Exercise directions: Take the listing below and output it exactly, with no images.

Data:

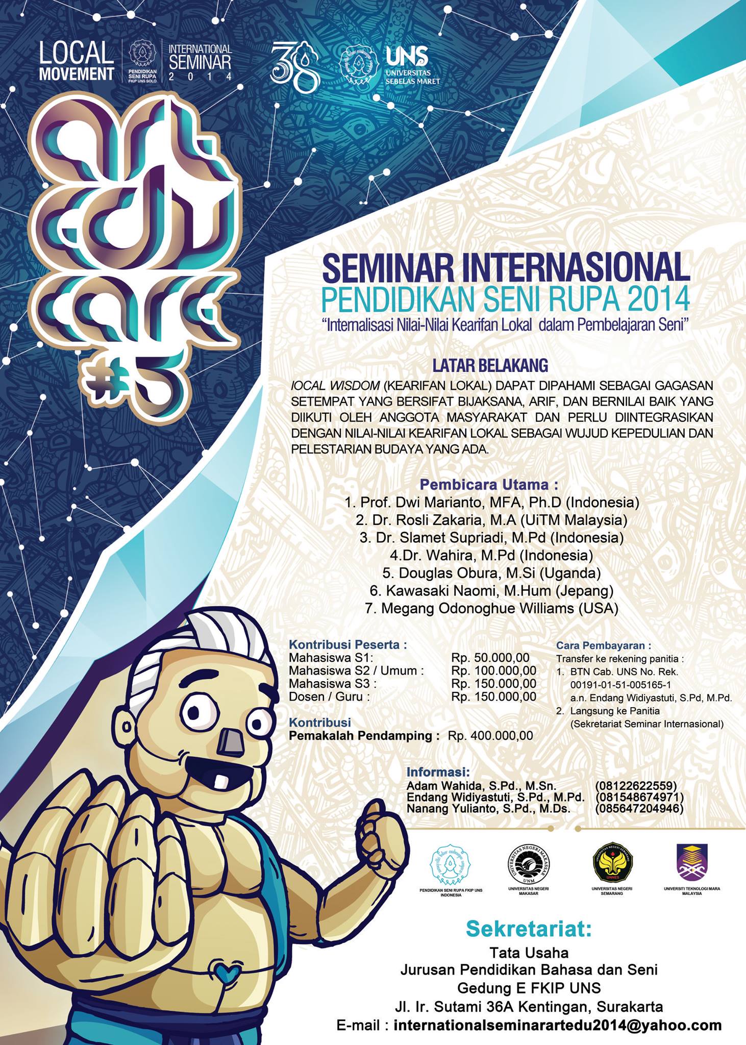 Mengiringi keseluruhan rangkaian kegiatan, tahun ini digelar seminar Internasional Pendidikan Seni Rupa dengan tema “Internasional Nilai-nilai Kearifan Lokal dalam Pembelajaran Seni”. Dilangsungkan di Gedung F FKIP UNS, pembicara yang dihadirkan tahun ini adlah; Prof. M. Dwi Marianto M.FA, PhD, (Indonesia) , Dr. Rosli Zakaria , M.A. (UiTm Malaysia), Dr. Slamet Supriyadi, M.Pd. (Indonesia), Dougls Obura, M.Si (Uganda), Kawasaki Naomi, M.Hum.
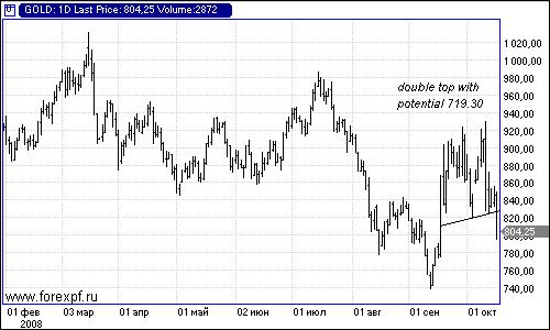 Азиатская сессия началась для золота довольно неплохо, и металл предпринял попытку пробиться к недавним максимумам, однако вновь встретил ожесточенный отпор медведей и так не смог подняться выше $850 за тройскую унцию. Разочарование быков вылилось в дальнейшую ликвидацию длинных позиций, при этом попытки золота стабилизироваться и подняться выше привлекали все новый интерес к продаже, в результате чего цены плавно снизились до $830 за тройскую унцию. Поддержка в этой области не смогла долго сдерживать натиск продавцов, в результате чего золото рухнуло ниже, причиной чего, по слухам, стало активное сокращение длинных позиций фондами, стремящимися уйти в деньги, эффект которого был дополнен исполнением стопов. Минимумы сессии к настоящему времени были достигнуты около $799.61, и в настоящее время золото держится около $802.60 за тройскую унцию, при этом принимая во внимание прорыв ниже линии шеи двойной вершины неподалеку от $826.70, металл теперь находится под угрозой дальнейшего снижения в направлении минимумов сентября около $736.19. Источник: ProFinance.Ru - Новости рынка Форекс
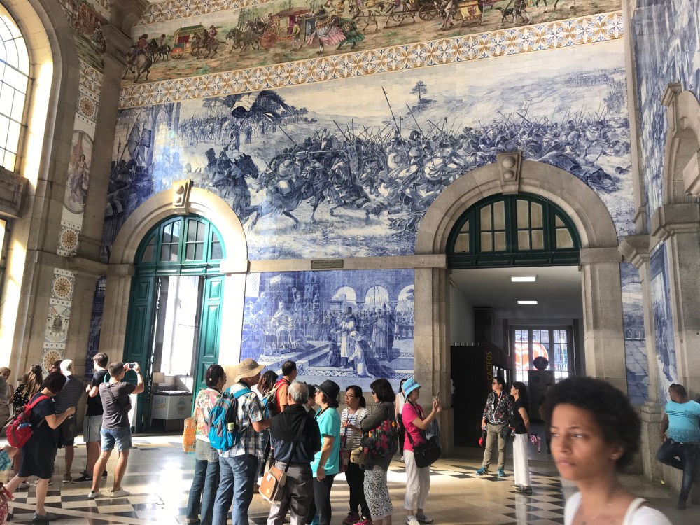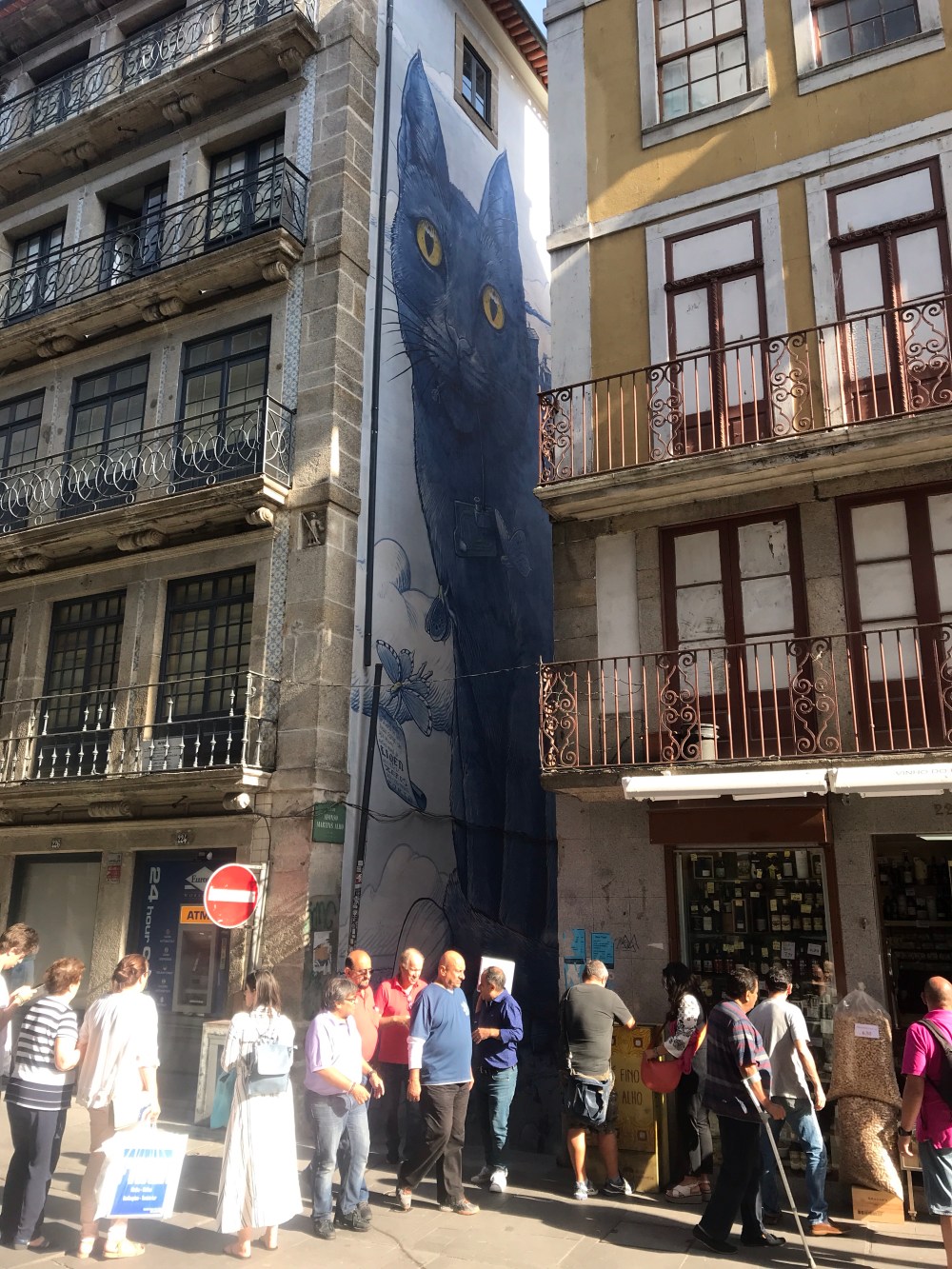 I especially like the huge black cat peeking out from between the buildings…and the murals in the railway station!
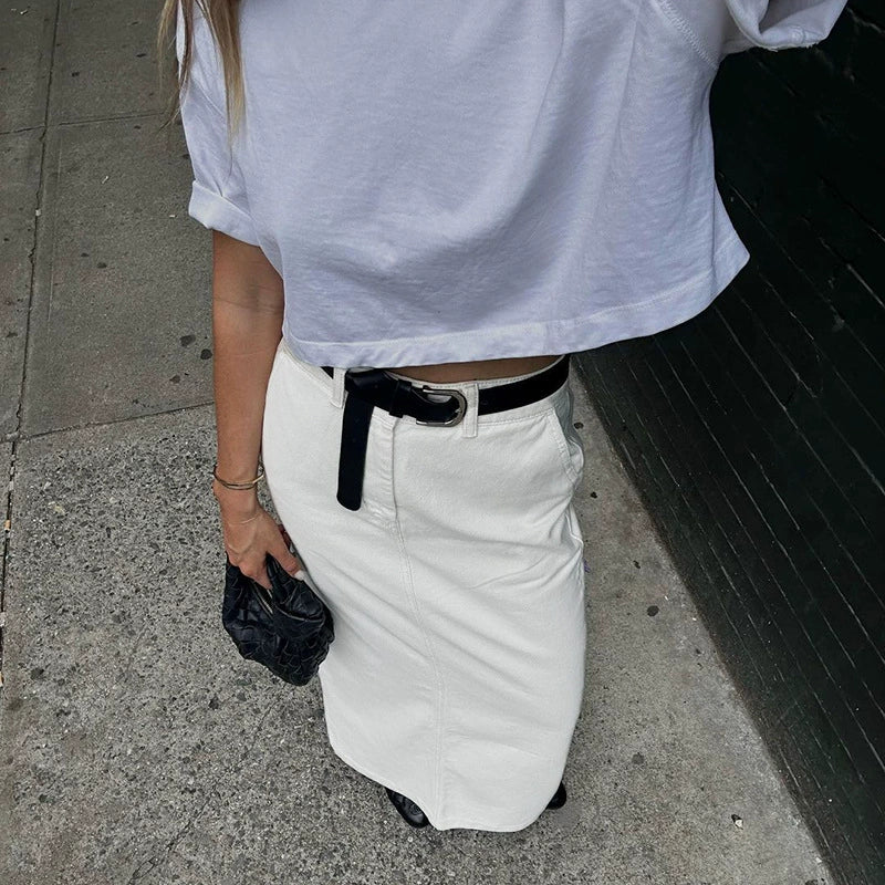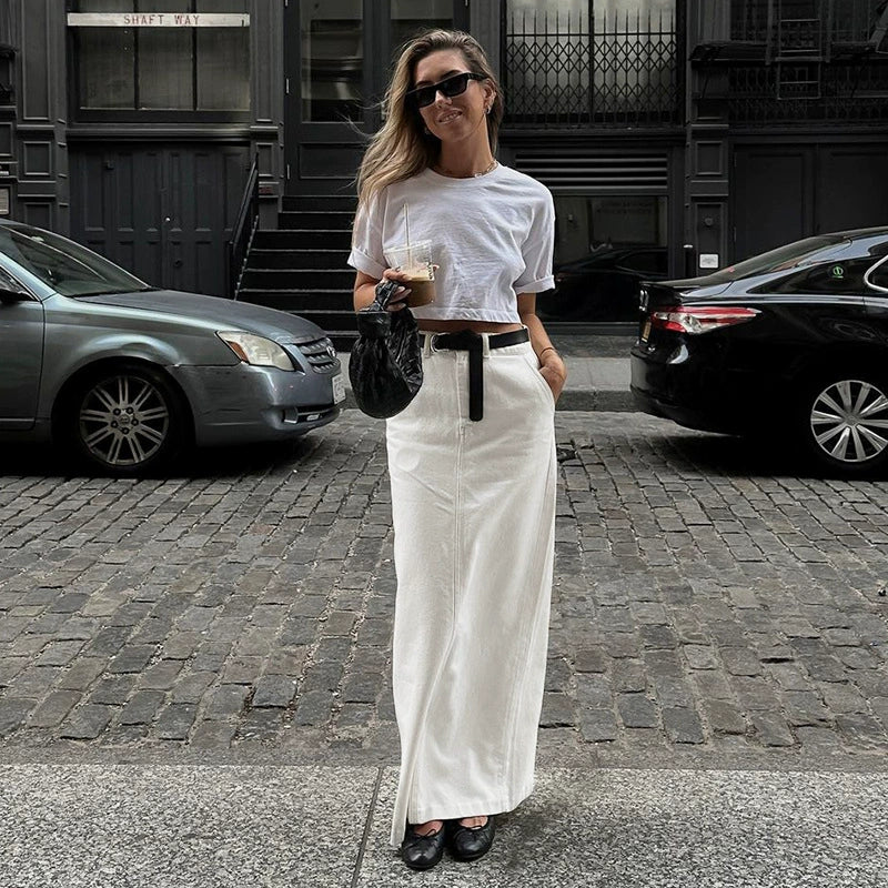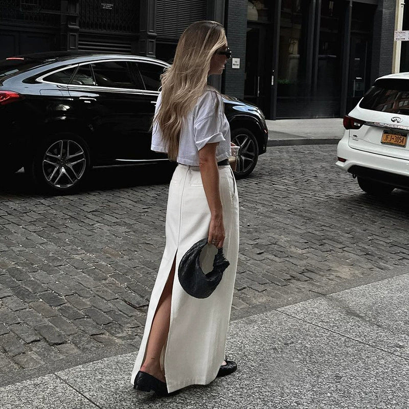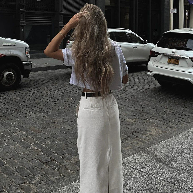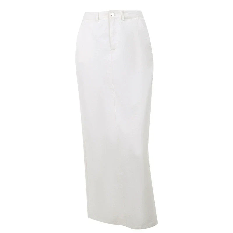 Destin Yırtmaçlı Maksi Etek Beyaz

Solution to this exercise:
 Mengiringi keseluruhan rangkaian kegiatan, tahun ini digelar seminar Internasional Pendidikan Seni Rupa dengan tema “Internasional Nilai-nilai Kearifan Lokal dalam Pembelajaran Seni”. Dilangsungkan di Gedung F FKIP UNS, pembicara yang dihadirkan tahun ini adlah; Prof. M. Dwi Marianto M.FA, PhD, (Indonesia) , Dr. Rosli Zakaria , M.A. (UiTm Malaysia), Dr. Slamet Supriyadi, M.Pd. (Indonesia), Dougls Obura, M.Si (Uganda), Kawasaki Naomi, M.Hum.
 Азиатская сессия началась для золота довольно неплохо, и металл предпринял попытку пробиться к недавним максимумам, однако вновь встретил ожесточенный отпор медведей и так не смог подняться выше $850 за тройскую унцию. Разочарование быков вылилось в дальнейшую ликвидацию длинных позиций, при этом попытки золота стабилизироваться и подняться выше привлекали все новый интерес к продаже, в результате чего цены плавно снизились до $830 за тройскую унцию. Поддержка в этой области не смогла долго сдерживать натиск продавцов, в результате чего золото рухнуло ниже, причиной чего, по слухам, стало активное сокращение длинных позиций фондами, стремящимися уйти в деньги, эффект которого был дополнен исполнением стопов. Минимумы сессии к настоящему времени были достигнуты около $799.61, и в настоящее время золото держится около $802.60 за тройскую унцию, при этом принимая во внимание прорыв ниже линии шеи двойной вершины неподалеку от $826.70, металл теперь находится под угрозой дальнейшего снижения в направлении минимумов сентября около $736.19. Источник: ProFinance.Ru - Новости рынка Форекс
 I especially like the huge black cat peeking out from between the buildings…and the murals in the railway station!
 Destin Yırtmaçlı Maksi Etek Beyaz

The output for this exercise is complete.